I Knew Norman Mailer, I met Norman Mailer, I Miss the Man

Dusk Settles in on what we thought was true...

Writers have this obstacle to overcome in the ongoing tension between modern brain research and western psychological model and spirituality. As such authors are required to either conform to the conventions of the day, or if they do not invent methods to circumvent these limitations.

Here is Norman Mailer in conversation, “When you write novels the person who tells the story is crucial to at least half the success of the novel I would say depends on how the story is told. Is it told by one person sitting in their own mind and giving you objective external descriptions of everyone else, or do you have a omniscient narrator which was common to the 19th century novel where literally you have to assume that this person has godly powers and can enter every single mind. And that worked very well for the 19th century because then most people believed in god, most people who read novels believed in god, and therefore the novelist could be analogous to god for the sake of enjoying the fiction.
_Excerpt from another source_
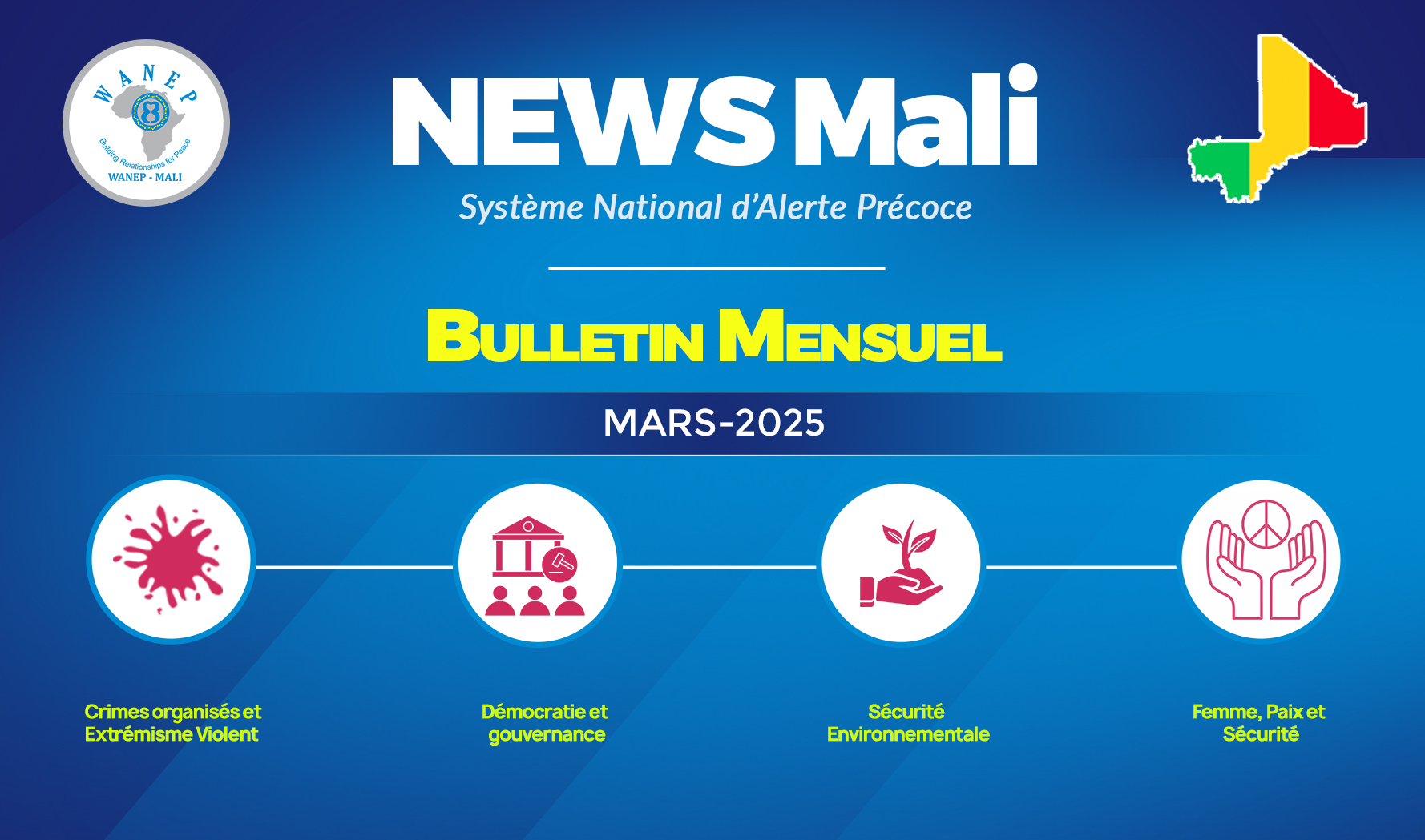 Ces incidents rapportés concernent les domaines thématiques suivants: Crime organisés et Extrémisme violent; Femme, Paix et Démocratie et Gouvernance; et Sécurité Environnementale.

It was just easy to enter everyone’s mind, you could do it and now you can’t with the modern canon which really feels they got rid of this medieval nonsense through the enlightenment through the last few centuries and that most people can do without god and the devil, they certainly don’t want them intruding so the notion is that you stay in one intelligence, one consciousness, you don’t try to cover everyone, and that’s inhibiting, in you get lots of problems of development when you only have the consciousness of your narrator.”

Freedom to Roam

With the rapid developments in neurobiological research we are discovering that this scientific point of view of consciousness is not very precise, research is proving that it is not contained, that it is not located exclusively inside a person, but rather being more a part of a larger system of energy and information that extends beyond the boundaries of the physical body. In short a kind of biological explanation for what is sometimes called “having a meeting of the minds,” when two people are interacting.

In the planning stages of making a novel the author builds an outline that they will work from. I have been concerned not just with a plot, but I have been interested in the metaphysical implications of making a story that is more in accord with our most recent mind science research.
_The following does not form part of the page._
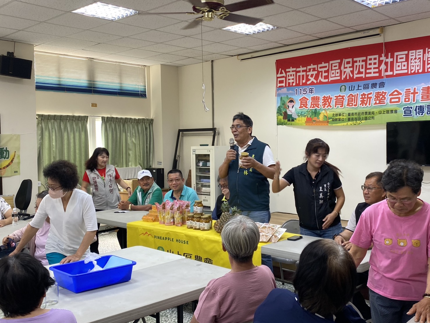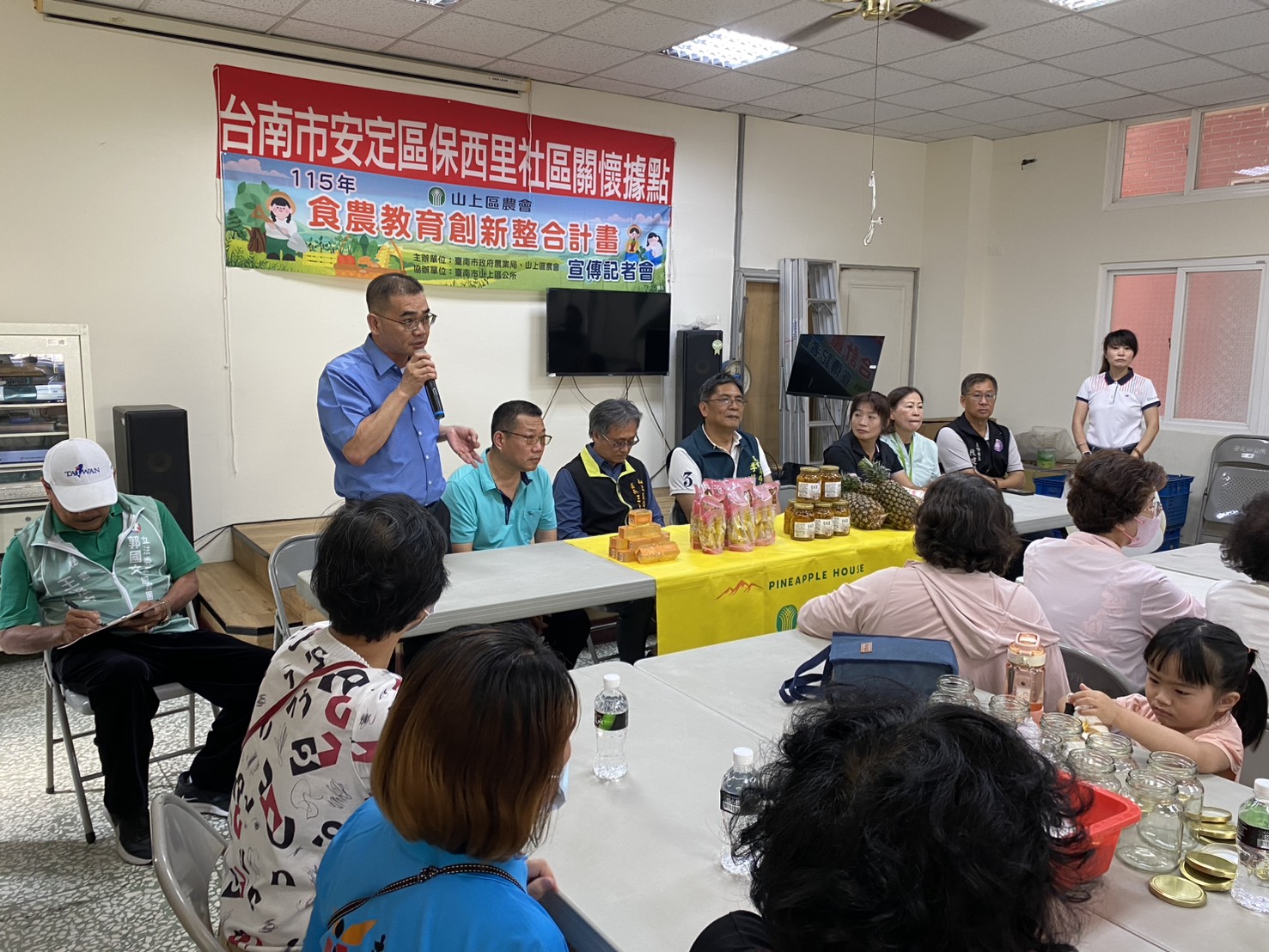 為推廣在地優質農產並深化食農教育理念,臺南市政府農業局攜手山上區農會,於今(22)日在安定保安宮舉辦「115年度鳳梨在地食農推廣教育活動」,並同步辦理「食農教育創新整合計畫」記者會,展現跨區域合作推動食農教育的成果與決心,透過多元體驗與品嘗活動,邀請民眾一同認識鳳梨的多元風味與價值,現場氣氛熱絡、參與踴躍。

If the world is not made up of discreet individual human consciousnesses in the most rigid sense of this model, but is rather a more networked, more a blended neurobiological phenomena, that is one part made up of a brain where is born what we call mind, but that this mind exists more like a receiver and/or more like a transmitter, and more likely to know and perceive and understand its external world out there because of the energy and information that is readily available in its environment, then we can build new fiction by ways that have until now been held in obedience to this 20th Century model of the mind.

And I am not talking science fiction here, but general fiction that is made of stories describing common events in everyday life. It isn’t that there is a right answer to this issue, just that it is something authors deal with throughout the telling of a story.
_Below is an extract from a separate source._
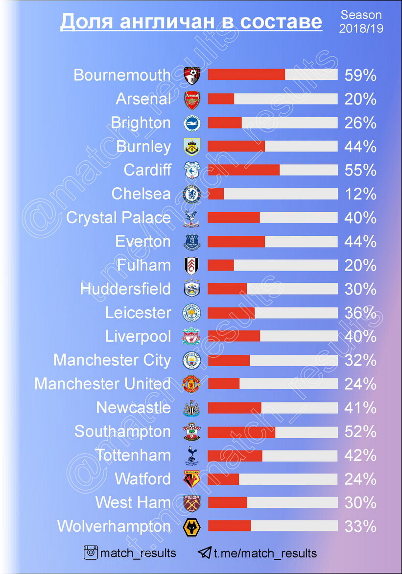 Знаете ли вы какая команда в английской Премьер-лиге в сезоне 2018/19 годов самая английская? Если критерием английскости выбрать процент игроков с английским гражданством, то на этот вопрос достаточно легко ответить. Топ три "английских" клуба выглядит так: Борнмут (59% англичан в составе), Кардифф (55%), Саутгемптон (52%). Топ три самых "не английских" клуба Фулхэм (20%), Арсенал (20%), Челси (12%).

Why do we know what someone is going to say before they say it? Often an unfaithful spouse’s partner doesn’t need anyone to tell them if their partner has been cheating. These are examples of information existing beyond mind.

These are exciting times. Writers can work beyond these previous boundaries. Still it isn’t just psychological restrictions that are overcome there are also literary habits that necessarily have to evolve as well.

What is this all about? It is how we explore and expand our understanding of the world we are all born into. Picasso revealed to us a world as never before ever seen. The ancient cave paintings in the south of France are artifacts of neurobiological evolution. They literally exemplify the metaphorical leap of the mind. That moment in time when we first began to be able to think in the abstract. Wasn’t long before man invented the wheel.

Dawn of a New Day

BANKRUPT HEART

“What have you done?” he said to that glimmer of self in the window. “It’s over man, how can you fix this, what you going to do, this time, you don’t need another job you need another you.”

Ry Waters lifted his hand to his hair and dug his fingers into his scalp while scratching with his thumb against an itch on his forehead. “Where do you begin?” He felt groggy like it was dawn and he was just waking up. “My whole life is a stinking mess.” He was determined to go out a class act. He would not allow his shoulders to slump. He was going to leave with his chin up. The last day on the job turned out to be a one man going away party in vivid, painful, living color, until this man Ry once knew appeared in the window and called him to account.